Fitzgerald, A. Ernest. The Pentagonists: An Insider's View of Waste, Mismanagement, and Fraud in Defense Spending. Boston: Houghton Mifflin, 1989. 344 pages.

Ernest Fitzgerald is perhaps the most famous whistle-blower in Washington. While employed by the Pentagon as an engineer and cost expert, he testified to Congress in 1968 and 1969 about the concealed cost overruns and the technical problems of the Lockheed C-5A transport plane. He was fired by Nixon for telling the truth, and wrote about it in "The High Priests of Waste" (1972). After a 14-year legal battle against duplicitous Pentagon brass and self-serving executive-branch careerists, a federal judge ruled that the Air Force had to restore Fitzgerald to his former position.

That happened just as the new Reagan administration handed the Pentagon a blank check for bigger and better procurement scandals. Some years later, congressional committees were clucking over $748 pliers and $500 cotter pins, and then they'd walk away from the issue (they knew that congressmen come and go, but Pentagon generals live forever). Fitzgerald's politics are centrist, yet he considers America "the world's largest banana republic." (page 3) "In other banana republics the military comes to power with a sudden coup and the installation of a junta. Here it is different.... America runs on money. And the military has quietly come to vast economic power by taking vast amounts of the federal income for itself." (page 70)


Klare, Michael T. War Without End: American Planning for the Next Vietnams. New York: Vintage Books, 1972. 464 pages.

Klare, Michael T. Supplying Repression: U.S. Support for Authoritarian Regimes Abroad. Washington: Institute for Policy Studies, 1977. 72 pages.

Michael Klare is perhaps the only anti-Vietnam War activist who made a career out of researching the U.S. defense establishment.

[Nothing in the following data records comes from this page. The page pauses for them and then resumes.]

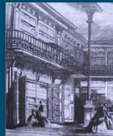
Un rituel ancien, l'ouverture de l'Armoire de fer des Archives nationales à l'Exposition universelle (gravure de Fichot, parue dans L'Illustration , 1867).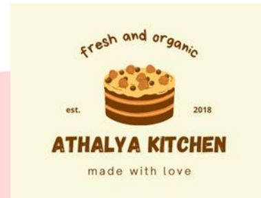
GAMBAR 1 LOGO ATHALYA KITCHEN

Target dari Athalya Kitchen sendiri adalah untuk anak-anak, mahasiswa, karyawan/pegawai kantor hingga ibu-ibu. Karena segmen ini sangat tepat, bila dilihat dari segi tren anak muda masa kini yang gemar dengan makanan berpenampilan modern dan praktis, maka bisnis kuliner ini pasti banyak digemari. Selain itu, produk dari Athalya Kitchen juga sangat cocok untuk dihidangkan saat perayaan hari besar seperti hari raya idul Fitri dan acara natal akhir tahun. (Data Perusahaan, 2022).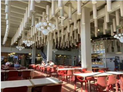
Unithèque 的餐廳與圖書館內部，因其建築形狀又稱 la « Banane »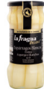
Código: 6465 Espárragos 6-9 Extra Tarro-580 EAN13: 8436006916465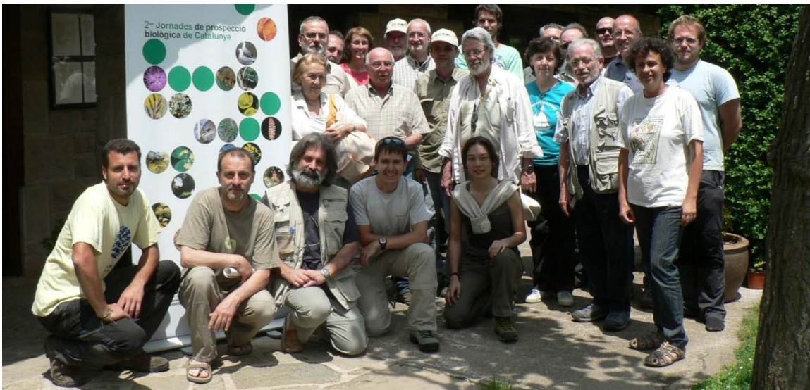
Assistents a les jornades.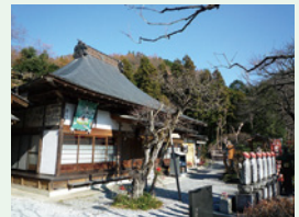
六番 ひょうこさん 向陽山ト雲寺

He began with the North American Congress on Latin America (NACLA) in the late sixties; we still recommend their 69-page Research Methodology Guide (1970). Ten years later Klare was doing most of his work as a fellow at the Institute for Policy Studies. Even some among the ruling class like his work: he has been on the staff of the Carnegie Endowment for International Peace, and in 1985 received a three-year Ford Foundation grant to direct the Five College Program in Peace and World Security Studies based at Hampshire College in Amherst, Massachusetts. He also writes for Nation magazine.

"War Without End" is a detailed look at the current state of military planning, from counterinsurgency and social science engineering, to rapid deployment, the electronic battlefield, mercenaries, and foreign police assistance. This book was written three years before the collapse of Saigon, when critics expected that U.S. warmongers would be able to sustain their efforts indefinitely. Twenty years and one Ronald Reagan later, it's clear that we have neither the moral conviction nor the economic resources to pull it off -- at least not until the New World Order gets its act together. Nevertheless, the book remains valuable as a slice of imperial history.

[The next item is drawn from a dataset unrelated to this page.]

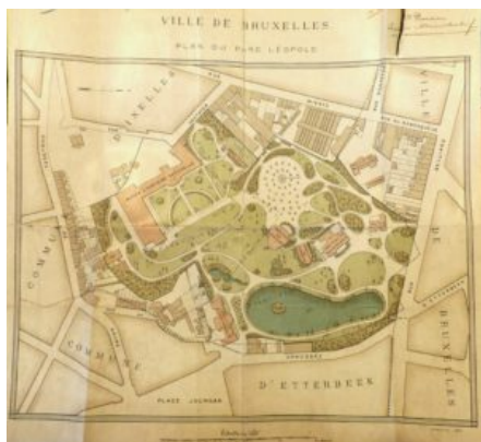
Plan du Parc Léopold, 1907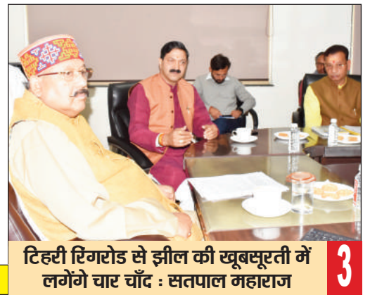
टिहरी रिगरोड से झील की खूबसूरती में लगेगे चार चाँद : सतपाल महाराज

Almost half of "Supplying Repression" contains tables of U.S. aid and corporate sales to foreign countries in the areas of military and police training, narcotics control, and arms transfers, while the remainder of this little book offers further historical details and commentary. "The evidence suggests that our corporations and governmental agencies are deeply involved in the supply of repressive technology and techniques to many of the world's most authoritarian regimes..., [and] the measures adopted by Congress in 1974 to restrict arms and training assistance to foreign police forces have not been successful in cutting off the flow."

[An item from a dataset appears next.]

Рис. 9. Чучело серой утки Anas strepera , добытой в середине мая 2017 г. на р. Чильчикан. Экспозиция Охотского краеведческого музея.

McClintock, Michael. Instruments of Statecraft: U.S. Guerrilla Warfare, Counterinsurgency, and Counterterrorism, 1940-1990. New York: Pantheon Books, 1992. 604 pages.

Michael McClintock spent 16 years as a human rights monitor, traveling extensively in Latin America, Thailand, and the Philippines. With 122 pages of end notes, this is something of an academic tome, and it functions as a counterweight to the fascination that some academics have demonstrated for elitist military doctrine. McClintock is always aware that "counterterrorism" is too often another name for torture and assassination, and despite such fancy terms as "psychological warfare," "counterinsurgency," "unconventional warfare," and "low intensity conflict," when you take away the rhetoric there seems to be a problem. For one thing, U.S. special warfare has always been cast in an anti-Communist mode, regardless of whether the "Communist" insurgents had the support of the local population. The techniques have emphasized "fighting fire with fire," with much more emphasis on winning respect out of fear than soliciting popular support out of enlightened self-interest.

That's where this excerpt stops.